First of all, in dealing with this question of the landlord's liability to carry out repairs, I mentioned several different provisions in the law. Subsection (5) of Section 40 provides:—

The right of the tenant to obtain relief under this section shall not prejudice his right to seek relief in any other form of proceedings.

Even if the landlord were able to establish to the satisfaction of the court that he should not be compelled under subsection (2) to carry out repairs, the other provisions to which I referred—Section 15 of the Bill, Section 61 of the Landlord and Tenant Act, 1931, and the ordinary common law of contract—are still available to the tenant. There is no need for Deputy Larkin to be worried about Section 40. It provides that if a dwelling is not in good and tenantable repair the tenant can apply to the court and the court can order the payment of a sum of money to put the dwelling into good and tenantable repair.

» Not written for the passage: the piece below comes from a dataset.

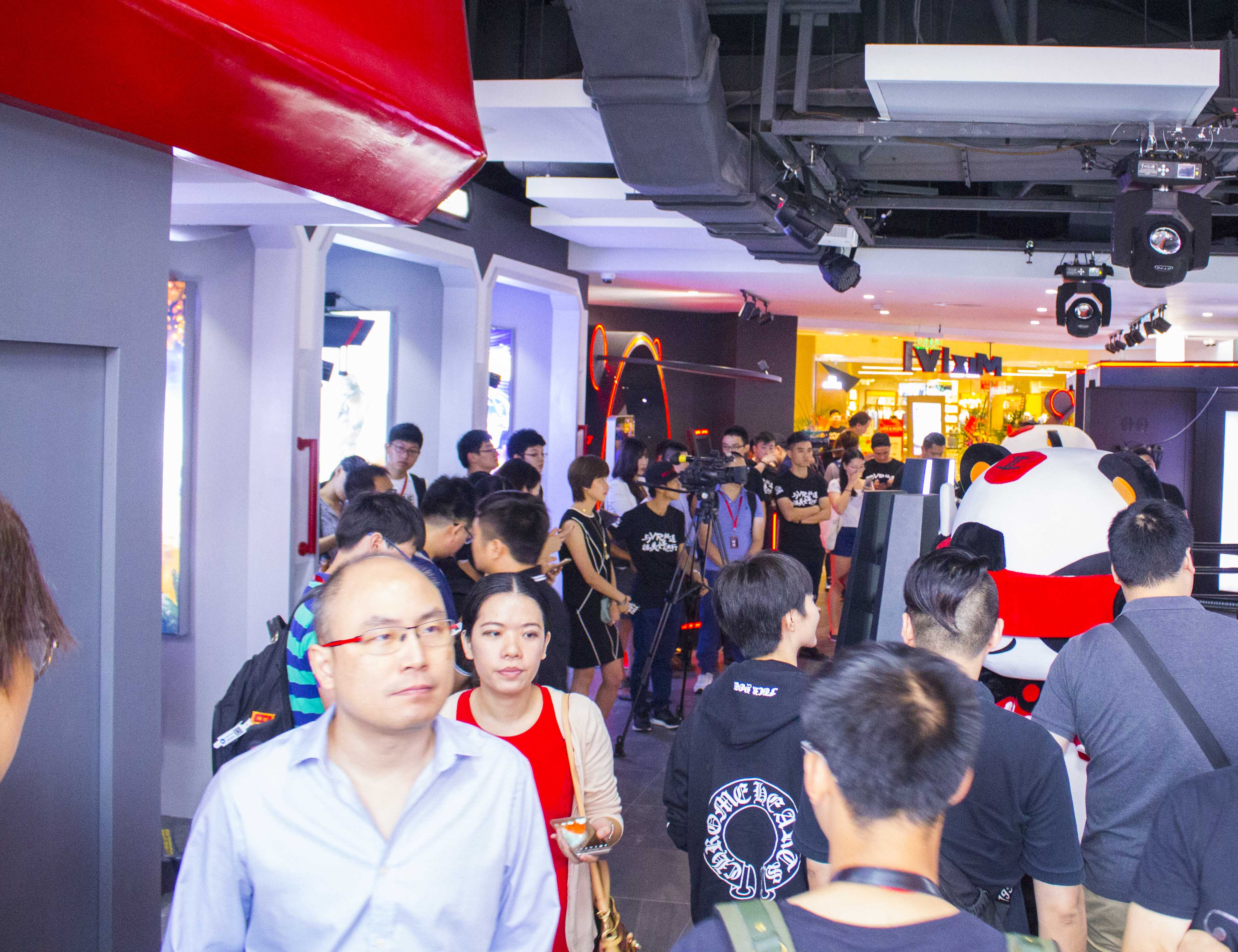 在上海Mix[V]外,超級隊(duì)長的IP形象小凱——一只頭戴VR設(shè)備、極富科技感的熊貓破墻而出,視覺效果極為震撼,引得路人頻頻駐足拍照。如此精心設(shè)計(jì)的造型,彰顯了超級隊(duì)長Mix[V]征服上海市場的壯志雄心,以及戰(zhàn)略布局全國的野望。

Subsection (2) was inserted at the suggestion of the Conroy Commission to deal with exceptional cases in which it would obviously be unfair to make a landlord put a dwelling into good and tenantable repair because of the kind of dwelling it is or because of the type of repair necessary. It might be a completely uneconomic proposition, and might cause an increase in rent which no tenant could reasonably be expected to pay. The Conroy Commission recommended that the court should have discretion in such a case. It is for the court—not the landlord —to refuse to order the payment of this sum. That would arise, of course, only in very exceptional cases. It could never reach the dimensions of a loophole through which landlords could seek to get out of their ordinary liabilities. The provisions of Section 40 will still apply in all cases where, due to the neglect of the landlord, repairs were not carried out and the dwelling fell into a state in which it could no longer be regarded as being in good and tenantable repair.

The Parliamentary Secretary referred to very exceptional cases. A census was recently taken by the Dublin Corporation—it is not official yet, but I got a copy of it this morning—and, according to that census, there are 1,500 families living in dwellings which are unfit for habitation. Those 1,500 families can be asked to pay this 12½ per cent., but the landlord will not be liable to repair the dwellings because they are unfit for habitation and, therefore, beyond repair.

I should like to have a little more information on that.

The number of cases is 1,500. It is not just a very exceptional case.

I do not think the Parliamentary Secretary has answered the point I made. I am concerned with subsection (2) under which tenants will be compelled to pay an extra 12½ per cent. increase in rent even though the landlord has no intention of carrying out any repairs.

Progress reported; Committee to sit again.